◆ Records provided ◆

——

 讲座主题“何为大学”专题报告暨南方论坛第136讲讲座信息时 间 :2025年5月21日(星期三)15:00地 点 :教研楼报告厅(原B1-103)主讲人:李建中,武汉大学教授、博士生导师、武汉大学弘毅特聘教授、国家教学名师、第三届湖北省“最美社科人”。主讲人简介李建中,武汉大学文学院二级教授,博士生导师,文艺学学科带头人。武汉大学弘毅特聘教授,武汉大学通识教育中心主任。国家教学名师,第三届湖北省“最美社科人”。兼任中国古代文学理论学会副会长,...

——

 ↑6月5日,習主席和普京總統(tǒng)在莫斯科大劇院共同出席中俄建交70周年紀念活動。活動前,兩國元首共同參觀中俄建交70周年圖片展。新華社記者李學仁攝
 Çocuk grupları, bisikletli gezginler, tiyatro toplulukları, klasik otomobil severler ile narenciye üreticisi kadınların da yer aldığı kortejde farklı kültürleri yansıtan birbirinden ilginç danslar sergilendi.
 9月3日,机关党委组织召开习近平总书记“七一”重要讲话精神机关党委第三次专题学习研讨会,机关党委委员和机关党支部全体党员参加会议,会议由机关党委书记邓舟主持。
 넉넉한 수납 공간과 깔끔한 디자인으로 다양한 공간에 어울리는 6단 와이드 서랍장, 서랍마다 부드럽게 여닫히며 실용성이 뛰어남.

——

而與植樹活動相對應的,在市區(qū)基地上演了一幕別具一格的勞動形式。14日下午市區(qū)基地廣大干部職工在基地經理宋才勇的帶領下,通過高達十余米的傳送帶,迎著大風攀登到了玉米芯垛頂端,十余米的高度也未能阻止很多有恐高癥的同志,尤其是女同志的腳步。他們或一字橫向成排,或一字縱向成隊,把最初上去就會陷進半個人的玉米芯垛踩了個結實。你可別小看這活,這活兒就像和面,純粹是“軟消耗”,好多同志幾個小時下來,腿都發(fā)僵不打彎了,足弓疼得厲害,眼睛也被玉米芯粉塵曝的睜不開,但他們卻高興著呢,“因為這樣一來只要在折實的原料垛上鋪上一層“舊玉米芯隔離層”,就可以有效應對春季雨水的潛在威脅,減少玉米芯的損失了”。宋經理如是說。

——

◆ Exercise brief ◆
Only the lines above starting with the one with "Çocuk grupları, bisikletli" and going through the one with "넉넉한 수납 공간과 깔끔한" are to be copied, word for word and with both ends kept.

◆ Expected output ◆
 Çocuk grupları, bisikletli gezginler, tiyatro toplulukları, klasik otomobil severler ile narenciye üreticisi kadınların da yer aldığı kortejde farklı kültürleri yansıtan birbirinden ilginç danslar sergilendi.
 9月3日,机关党委组织召开习近平总书记“七一”重要讲话精神机关党委第三次专题学习研讨会,机关党委委员和机关党支部全体党员参加会议,会议由机关党委书记邓舟主持。
 넉넉한 수납 공간과 깔끔한 디자인으로 다양한 공간에 어울리는 6단 와이드 서랍장, 서랍마다 부드럽게 여닫히며 실용성이 뛰어남.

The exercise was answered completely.